JICAによると、インフラが不足している国や地域のほとんどが開発途上国だと指摘しています。インフラの整備は主に、

  • 政府予算による公共投資
  • 公共投資を支援するためのODAや国際金融機関による支援
  • 民間資金の活用

によって行われますが、開発途上国では政府予算が少なく、そもそも投資できる額が少ないのです。そのため、支援を待つしかない状態となっており、インフラがなかなか整備されない現状があります。

インフラ整備率

インフラ整備率とは、その国や地域で生活や産業を支えとなる基盤がどのくらい整っているかを示します。開発途上国のインフラ整備率は、高所得国の平均と比較すると約10分の1まで劣っています。

さらに国際連合広報センターは、世界人口の約4分の1が電気インフラがない未電化地域で暮らしていると発表しています。これは最低限の電気を使えない人々の割合のため、料理や暖房といった目的で電気を使えない人口はさらに多いと推測されます。

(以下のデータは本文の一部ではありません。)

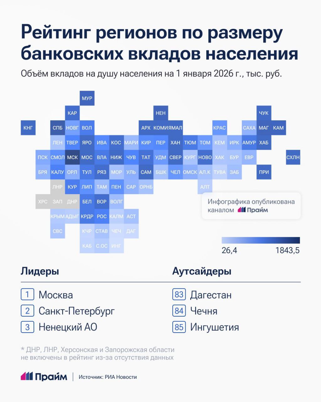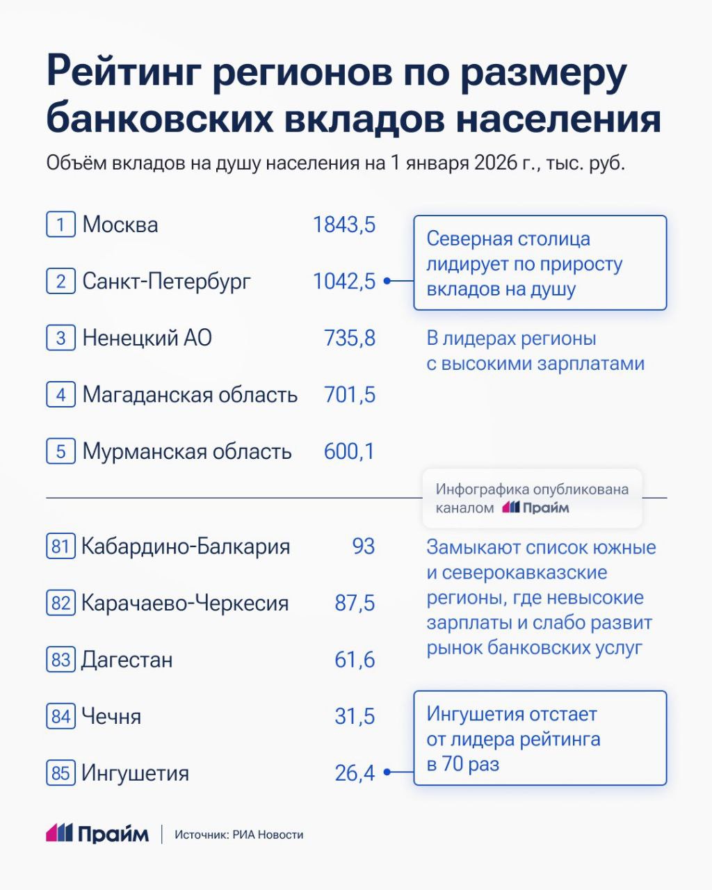 Москва и Санкт-Петербург возглавили рейтинг регионов по объемам вкладов населения, замыкают список Ингушетия и Чечня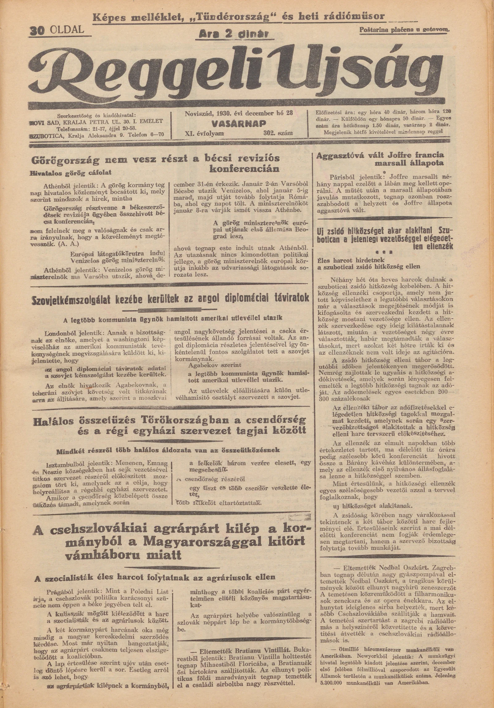 Reggeli Újság, 11. évf. 1930. december 28. 302. sz.
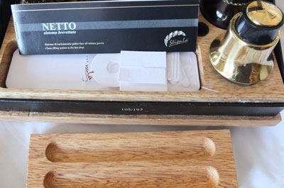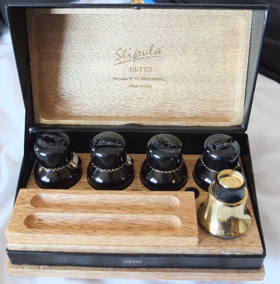 oeu096: Here we have the Stipula Netto De-Luxe pen filling set which ensures your Stipula pen remains in tip-top condition with no dulling of the surfaces; this set is limited to 193 pieces and this is number 105; this is essential for the serious Stipula pen collector. £245.00 |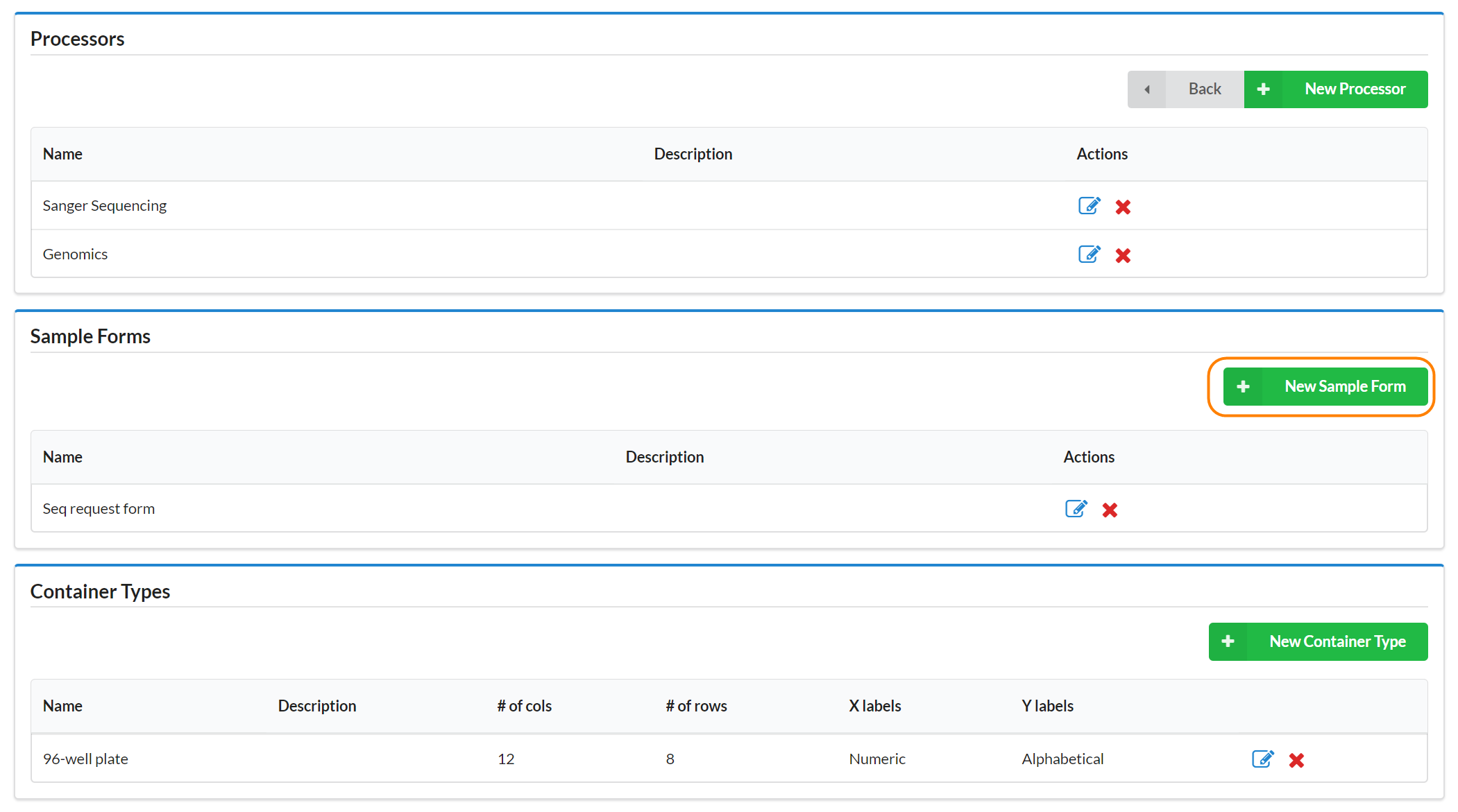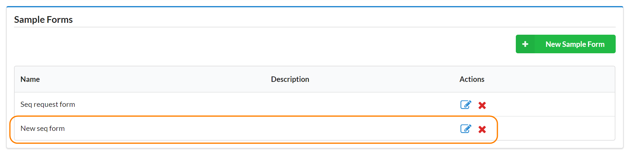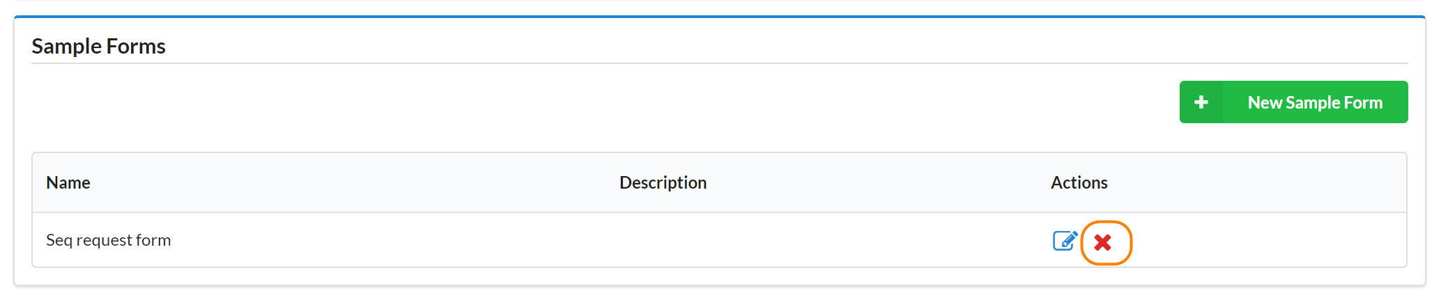 You may also delete a sample form by clicking the red x in the Actions column.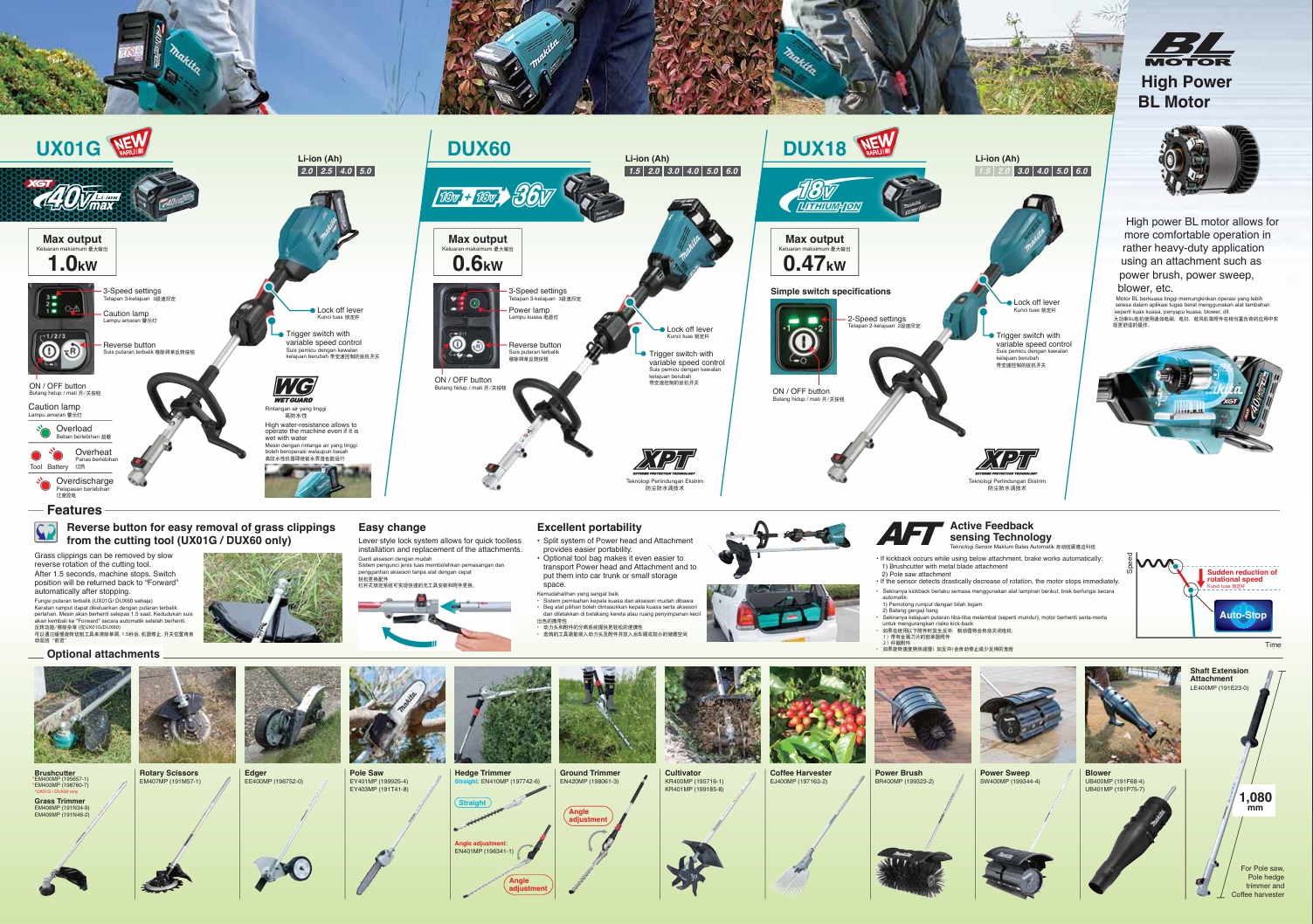 -BL motor and the XGT battery deliver much higher power than the current model DUX60, and enables use in a wider range of applications
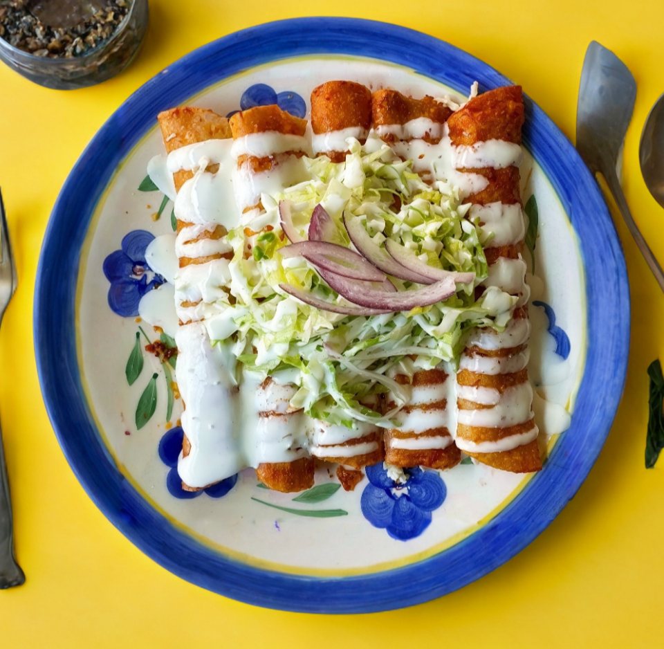 Incluyen crema, queso, aguacate, cebolla y cilantro.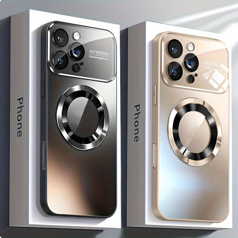 Matte Titanium Phone Case for iPhone with Magnetic Wireless Charging and Shockproof Camera Lens Protection
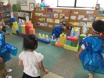 「何味にしますか?」「マヨネーズはかけますか?」とお店屋さんになりきってやり取りを楽しんでいる様子の子ども達でした。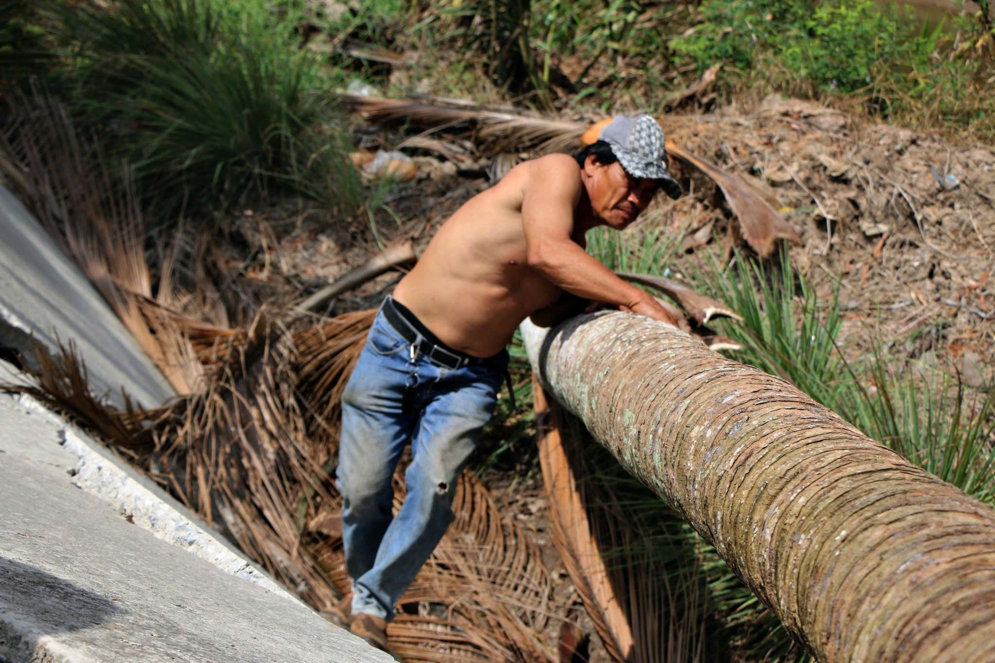 Một người đàn ông vật lộn với vùng sụt lún tại điểm hạn mặn huyện Trần Văn Thời, Cà Mau, mùa khô năm 2024. (Ảnh: Sơn Bách)
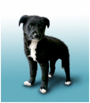 По окрасу вся черненькая, на шейке манишка такая роскошная, лапочки в белых носочках и кончик хвостика. Милашка, а не девочка. И она не совсем гладкошерстная, такая пушистая слегка.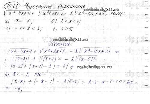 Готовая домашняя работа с ответами по Алгебре за 8 класс Мордкович Задачник УМК Углубленный уровень Часть 1, 2 Мнемозина 2016 ФГОС - Параграф 16 61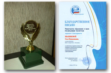 Коллектив МБОУ лицея №2 г.Бугульмы, а также Министерство образования и науки Республики Татарстан выражает благодарность Иванниковой Ольге Вениаминовне, учителю биологии, за подготовку лауреата премии для поддержки талантливой молодежи в рамках приоритетного национального проекта "Образование".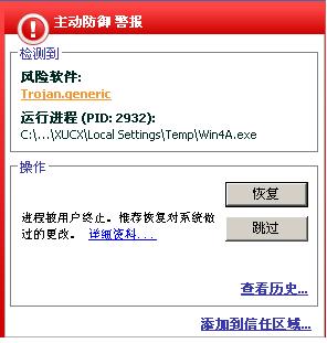 卡巴已经提示了一早上,一开始卡巴还有“删除”的项目,到后来就只有“恢复”和“跳过”了,这个病毒,从win3.exe一直在变,只要你按跳过,20秒不到就弹出下一个组合。晕倒了啊。。。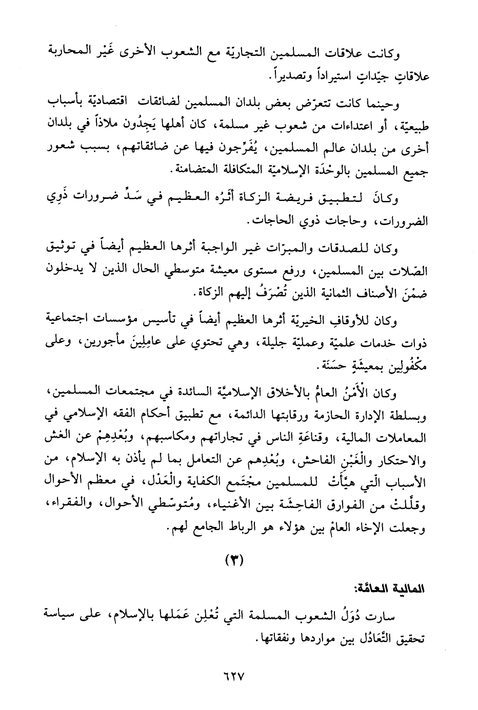 كانت شعوب الأمة الإسلامية في ظل إدارات الحكام المسلمين تعيش في تكامل اقتصادي، من كل أنواع مطالب الحياة، وكان التجار المسلمون ينقلون سلعهم التجارية من أقصى بلدان عالم المسلمين إلى أقصاها، شرقًا وغربًا وجنوبًا وشمالًا.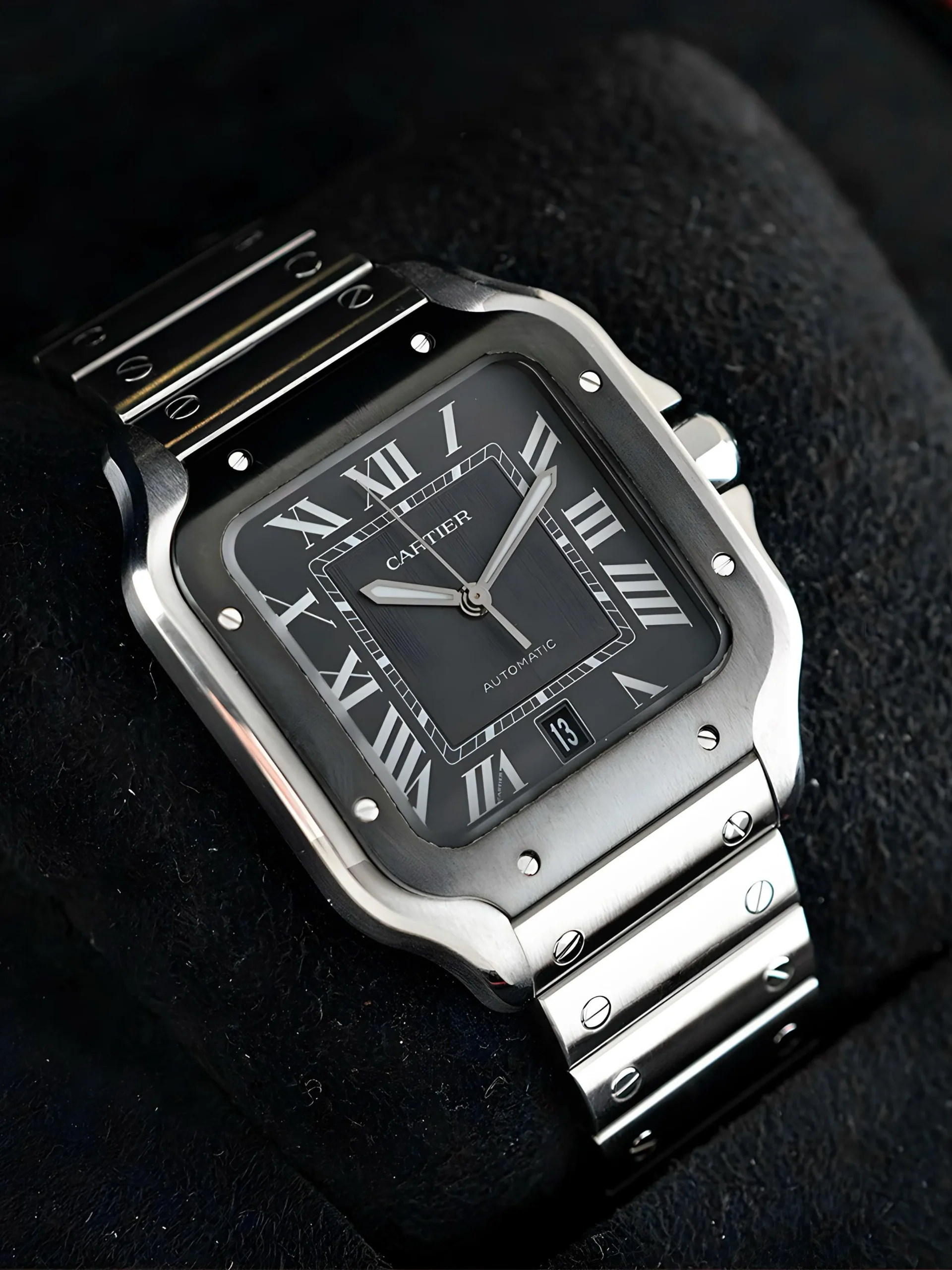Santos de Cartier watch, large model, Manufacture mechanical movement with automatic winding, caliber 1847 MC. Steel case, ADLC bezel, steel crown set with a faceted black synthetic spinel, gray dial, steel sword-shaped hands with luminescent material, sapphire crystal. Steel bracelet with “SmartLink” adjustment system. Second strap in black rubber, with interchangeable steel deployant buckle. Both bracelets are fitted with the “QuickSwitch” interchangeability system. Case width: 39.8 mm, thickness: 9.38 mm.

また、どんな天気にも耐えられる耐水性・耐熱性を備えた道路にアクセスできない人口は、世界で約20億人以上、衛生的な水には約21億人という状態にあります。

インフラ需要の拡大

このような背景のなかで、近年では人口増加に伴い、開発途上国を中心に都市化が進んでいます。上の経済産業省が作成した図は、1950年以来の主要新興国・地域の都市化の様子と、今後の予想を表しています。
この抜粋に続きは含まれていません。